=== Aim of the task ===
Wherever the line with "Για το Xiaomi" sits in the listing below, transcribe from it up to and including the line with "রাস্তার পিচ ঢালাই", exactly, and leave the remaining lines out.

=== Supplied data ===
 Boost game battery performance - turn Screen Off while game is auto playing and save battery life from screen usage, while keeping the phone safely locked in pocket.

--

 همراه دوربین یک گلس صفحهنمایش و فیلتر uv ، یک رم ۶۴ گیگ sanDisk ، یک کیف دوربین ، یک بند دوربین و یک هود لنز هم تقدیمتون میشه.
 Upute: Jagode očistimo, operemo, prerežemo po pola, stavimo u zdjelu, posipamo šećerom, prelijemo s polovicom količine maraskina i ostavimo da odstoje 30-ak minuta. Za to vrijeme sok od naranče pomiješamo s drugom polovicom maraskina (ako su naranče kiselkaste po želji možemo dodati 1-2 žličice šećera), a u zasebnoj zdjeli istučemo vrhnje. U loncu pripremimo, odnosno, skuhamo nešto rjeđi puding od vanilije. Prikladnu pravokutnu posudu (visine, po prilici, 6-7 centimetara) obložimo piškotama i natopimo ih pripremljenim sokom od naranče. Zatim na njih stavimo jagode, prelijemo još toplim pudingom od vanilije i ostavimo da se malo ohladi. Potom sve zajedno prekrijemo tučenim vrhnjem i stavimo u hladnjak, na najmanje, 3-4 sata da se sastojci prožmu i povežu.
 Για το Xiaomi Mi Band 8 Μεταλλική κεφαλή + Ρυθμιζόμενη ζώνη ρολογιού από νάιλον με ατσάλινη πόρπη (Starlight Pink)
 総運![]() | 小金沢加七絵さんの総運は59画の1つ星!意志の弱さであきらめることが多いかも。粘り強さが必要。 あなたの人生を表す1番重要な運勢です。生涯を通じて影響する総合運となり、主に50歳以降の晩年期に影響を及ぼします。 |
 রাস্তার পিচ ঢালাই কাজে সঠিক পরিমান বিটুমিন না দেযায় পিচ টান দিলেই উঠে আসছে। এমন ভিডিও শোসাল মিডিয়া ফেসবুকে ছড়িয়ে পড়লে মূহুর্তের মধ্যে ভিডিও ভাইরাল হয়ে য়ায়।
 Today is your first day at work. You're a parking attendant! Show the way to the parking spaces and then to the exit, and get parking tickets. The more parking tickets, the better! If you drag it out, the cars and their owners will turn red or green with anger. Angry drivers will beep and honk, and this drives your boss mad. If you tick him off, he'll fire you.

=== Result ===
 Για το Xiaomi Mi Band 8 Μεταλλική κεφαλή + Ρυθμιζόμενη ζώνη ρολογιού από νάιλον με ατσάλινη πόρπη (Starlight Pink)
 総運![]() | 小金沢加七絵さんの総運は59画の1つ星!意志の弱さであきらめることが多いかも。粘り強さが必要。 あなたの人生を表す1番重要な運勢です。生涯を通じて影響する総合運となり、主に50歳以降の晩年期に影響を及ぼします。 |
 রাস্তার পিচ ঢালাই কাজে সঠিক পরিমান বিটুমিন না দেযায় পিচ টান দিলেই উঠে আসছে। এমন ভিডিও শোসাল মিডিয়া ফেসবুকে ছড়িয়ে পড়লে মূহুর্তের মধ্যে ভিডিও ভাইরাল হয়ে য়ায়।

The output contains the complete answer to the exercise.